No one present, outside of Louetta’s immediate family, knew me well, and no one approached me that afternoon. Uncertain about how to dress, I wore a sweater vest with gray trousers and a blazer, and I stuffed a tie into a side pocket in case I needed it. But the guys came in jeans, even those over sixty, and while many women had on dressy sweaters and pants, some wore jeans and sweatshirts. For a few moments, I thought their attire was too casual. But I had second thoughts because the men induced an image of Louetta’s father wearing bib overalls to his grandson Mike’s wedding. While no one looked at me, I felt all eyes were on me.
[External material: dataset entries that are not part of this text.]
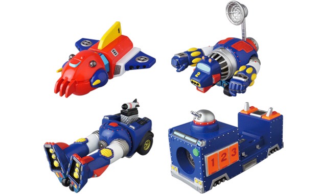 Having only seen 2 extremely limited releases since its debut earlier in the year, the highly sought after Rikidizer 3 sofubi set will finally be available to the general public (albeit in limited numbers) as a Medicom Toy exclusive this week! Produced by Goro with help from NagNagNag, the ultimate super ‘bot borrows elements from a number of classic Kaiju mecha, including Mach Baron, King Joe and Gundam, to form one of the most exquisitely designed and produced sofubi we’ve ever witnessed.
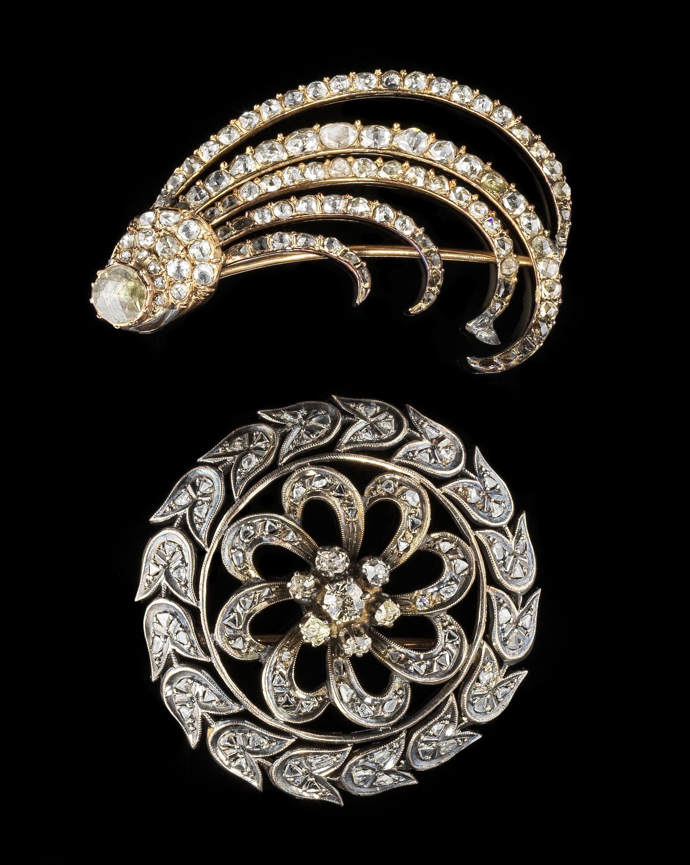 L'une ronde à motif ajouré centré de diamants taille ancienne et pavé de roses de diamants, l'autre à motif d'aigrette pavée de roses de diamants, or bas titre et argent, D env. 4 cm, L env. 5 cm. Provenance: collection privée genevoise
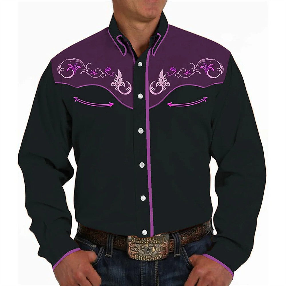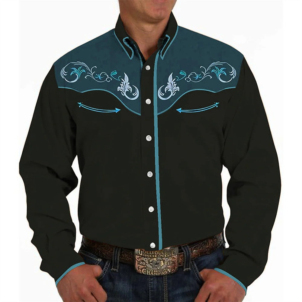 Mens Long Sleeve Shirt Western Cowboy Denim Hawaiian Shirts Vintage comfortable and soft Social Shirt Man Beach Blouse Plus Size
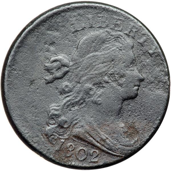 1802 S-242 R2 G6. Struck 30% Off Center. Sharpness VF25 but dark and covered with fine to moderate granularity. In addition, there are a half dozen patches of deeper planchet erosion on the obverse, the deepest of these on the upper edge of the bust. Slightly glossy very dark steel and olive, nearly black. Struck 30% off center to K-3. An ugly cent but a dramatic mint error.
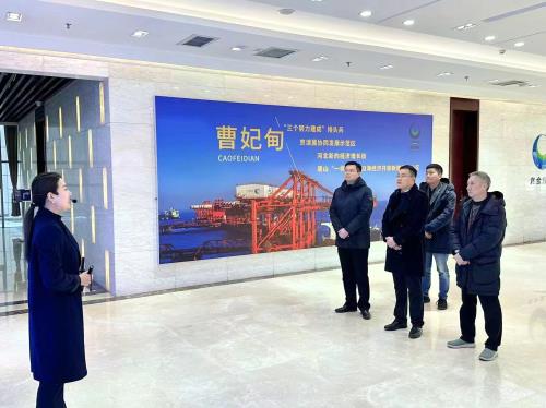 From January 5th to 6th, Liu Mingyi, the general manager of Group’s bulk commodity department, accompanied by Li Juqiang, chairman and general manager of the company, Zhang Qiang, vice general manager of the company, went to visit Caofeidian National open economic zone in Hebei Province. Feng Lei, member of the Caofeidian open economic zone (free trade zone) working committee of CCP and vice director of management committee welcomed the leaders of JSFT. Feng Lei introduced the development history and industrial layout of Caofeidian open economic zone, especially the construction and the operation of four main storage and transportation basement that has been planned for construction of coal, crude oil, ore and natural gas. He also looked forward to cooperate more between two sides in the area of bulk commodities.
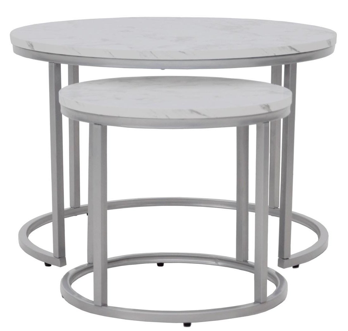 Kombinacija boja u crnom mramoru i srebrnom metalu daje stolićima moderan, a istovremeno bezvremenski izgled. Dekor mramora stvara dojam prestiža i prirodne elegancije, dok metalni okvir donosi industrijski dojam i vizualnu lakoću. Ova estetska kombinacija omogućuje jednostavno usklađivanje s ostalim komadima namještaja, bez obzira prevladava li moderan, skandinavski ili klasičan stil unutarnjeg uređenja.

I said a few graceless words to Judy and her daughter. Turning from them, I scanned the room, trying to situate myself. My forehead became warm, and my hands became clammy as I sought to blend in. I glimpsed one of my aunt’s friends on the aisle and wandered over to say hello. Though he had been loquacious in prior interactions, he gave clipped one- or two-word replies to my utterances and made furtive glances over my shoulder, cutting off my attempts at small talk. I couldn’t muster the resolve to go to the front row and offer condolences to Louetta’s sisters. Staring at the floor and trying not to slink, I stepped to the last line of chairs, where no one was sitting, and settled in a spot where I would be out of the way. I read the program, and when I finished, I reread it.
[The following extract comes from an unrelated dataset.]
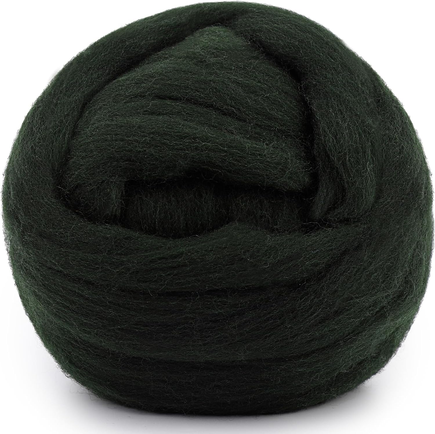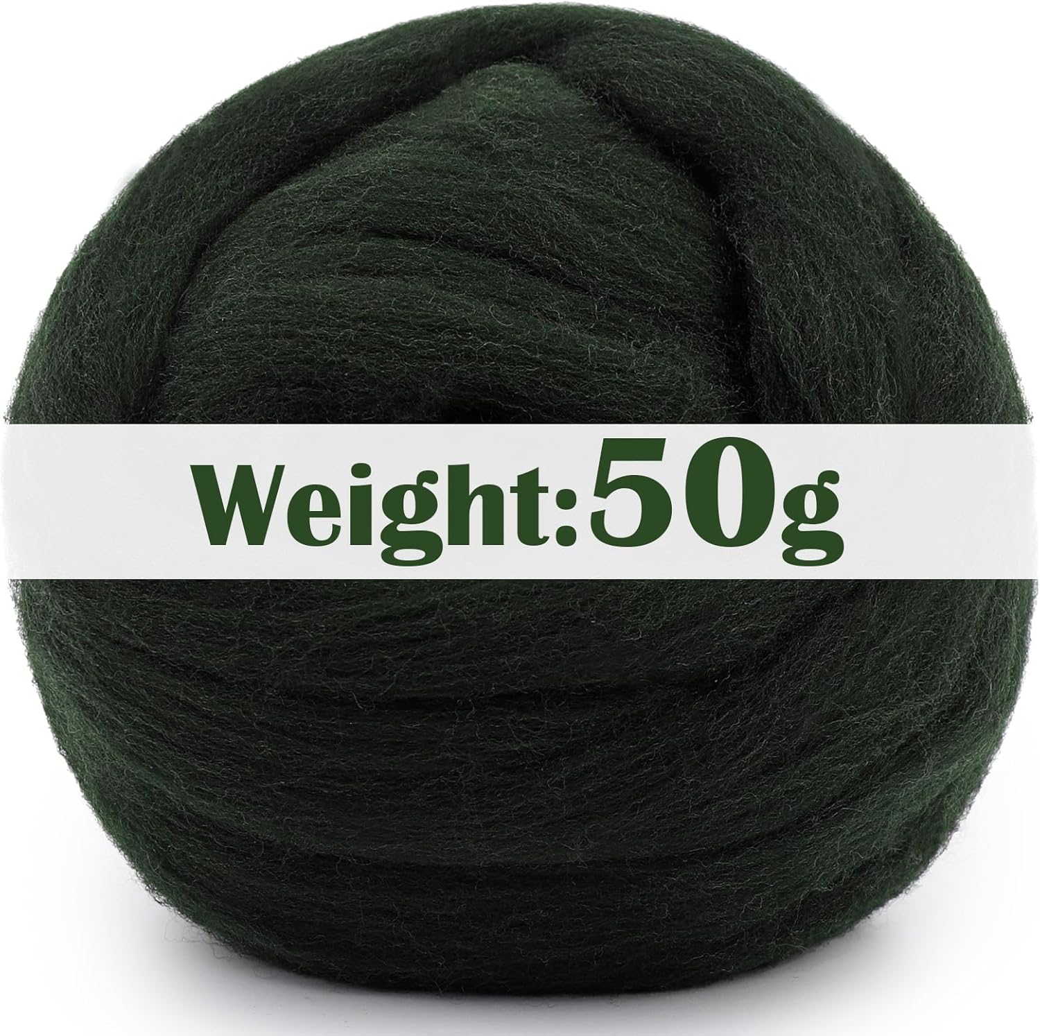 Mayboos Wool Roving Yarn, 1.76oz Colored Natural Wool Roving,Wool Felting Supplies Pure Wool Chunky Yarn for Wet Felting handcrafts and Spinning (Dark Green Color)
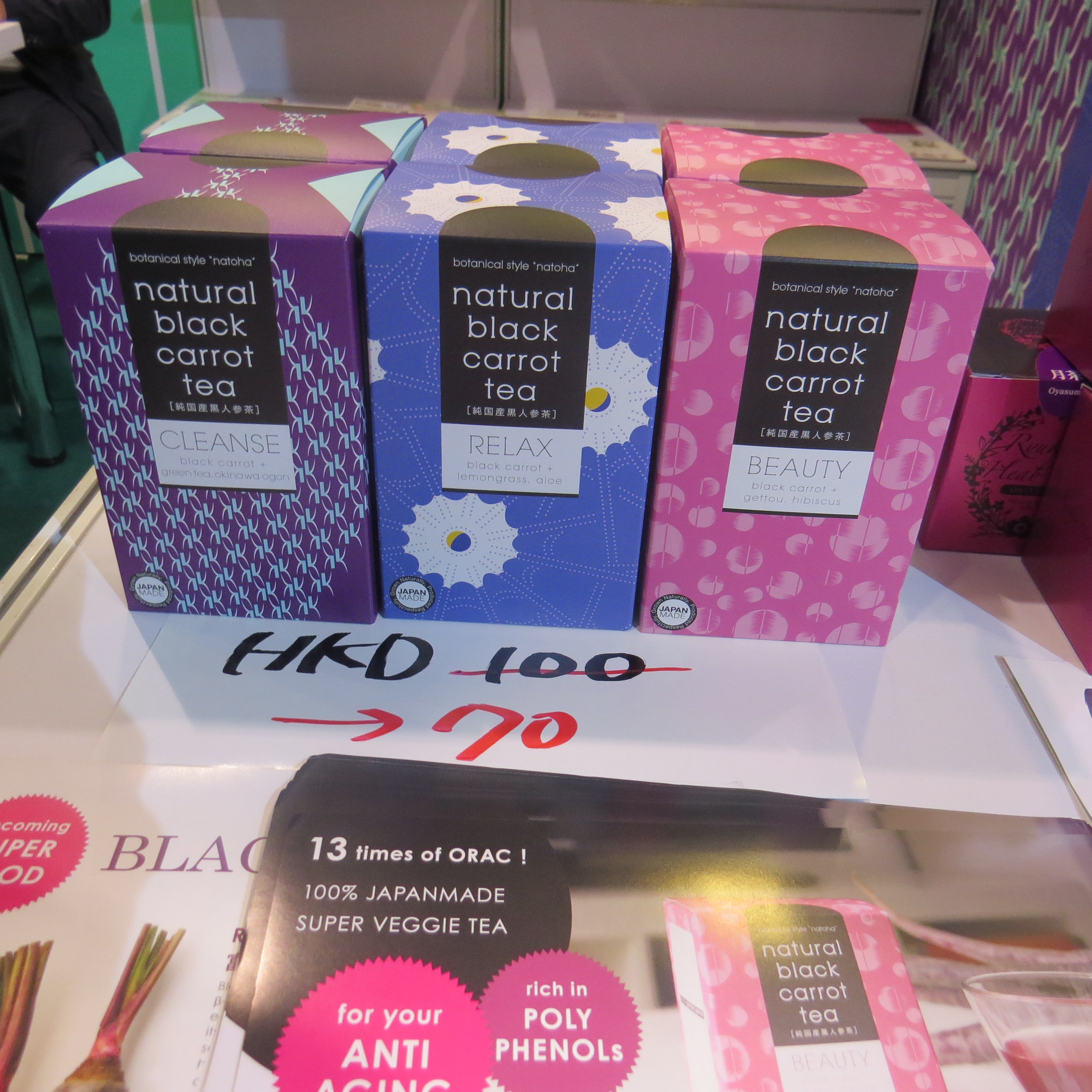 There was another non-beauty company that I really liked: Natoha is a tea brand from Okinawa, Japan’s most Southern island. The brand was launched earlier this year and their three teas are all made with regional ingredients: the main ingredient is black carrot (one of the oldest carrot species in existence) which is grown right there in Okinawa. Black carrots are said to contain a lot of anti-oxidants and polyphenols (much more so than “ordinary” orange carrots) so they are considered a very healthy vegetable. In each Natoha tea variant, the carrot is combined with other ingredients: Love contains hibiscus and shell ginger, Relax contains lemongrass and aloe and Cleanse has green tea and turmeric. I tried all three teas and my favourite, I think, was Relax. Although Love also tasted really good. Anyway, since its brand launch Natoha has come in for quite a bit of press attention – mostly from the Japanese women’s, lifestyle and fashion media – and the company’s teas are sold in, for example, organic perfumery Beauty Library in Omotesando, Tokyo.

A silver-haired guy in his sixties, decked out in black—jacket, pants, and shirt without a tie, aping Johnny Cash—conducted the service. His tribute contained specifics—she once cared for six hundred chickens and was one of those good-looking “Waters girls”—and generalities that could apply to any upright person. Bringing Judy and Sandy glasses of water during the visitation before the service, his attentiveness impressed me. From his tempo and diction, I inferred he was a local preacher but subsequently found out he owned the funeral home. He did a decent job eulogizing someone he didn’t know.
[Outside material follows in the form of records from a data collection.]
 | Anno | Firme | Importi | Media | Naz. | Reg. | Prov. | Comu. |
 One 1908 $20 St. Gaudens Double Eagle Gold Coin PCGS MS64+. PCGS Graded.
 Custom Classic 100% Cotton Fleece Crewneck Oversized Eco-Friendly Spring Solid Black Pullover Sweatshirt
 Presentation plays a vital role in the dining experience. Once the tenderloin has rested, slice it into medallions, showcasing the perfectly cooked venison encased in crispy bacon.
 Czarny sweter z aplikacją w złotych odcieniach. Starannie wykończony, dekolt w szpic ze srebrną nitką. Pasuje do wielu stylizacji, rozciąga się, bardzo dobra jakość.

Afterward, while the mourners dispersed, the older man in the baggy gray suit shuffled up to Judy. I heard him say he had known her mother, though not catching anything else. His gesture elicited a smile on her tired face, gratifying me.
* * * *
A smaller crowd gathered at the gravesite for the interment. Some of Louetta’s younger kin—like her, they had thin, hooked noses, confirming their relatedness—milled around calling out to the others when they spotted graves of relatives. As we waited for the hearse, I self-consciously stayed apart. But after several minutes. I approached Judy, who stood by her grandson. Recalling what Louetta told me, I commended him for insisting everyone in the family get vaccinated and wear masks during the pandemic. He glanced at Judy and murmured, “See.”
Though not weeping, Judy’s tawny cheeks drooped around her mouth, and dark semi-circles underscored her blue eyes. She spoke in a slow, irregular cadence as if sleep-deprived. Gazing at her reminded me of her mother’s revelation during my final visit that Judy was experiencing deep sadness and undergoing therapy. She also said her daughter, whom I did not deem religious, had joined a church. These disclosures highlighted my observation Judy had taken on a different personality: more emotion—the unexpected hugging and undeniable despondency— but none of the trademark sarcasm of even three or four years earlier.
I told her I would miss her mom. I paused for a moment, worried I’d utter another bromide. Then, in an assertion I couldn’t curb, I said, “I considered your mom a second mother.” Without hesitating, she said in a consoling voice, “I know you did.”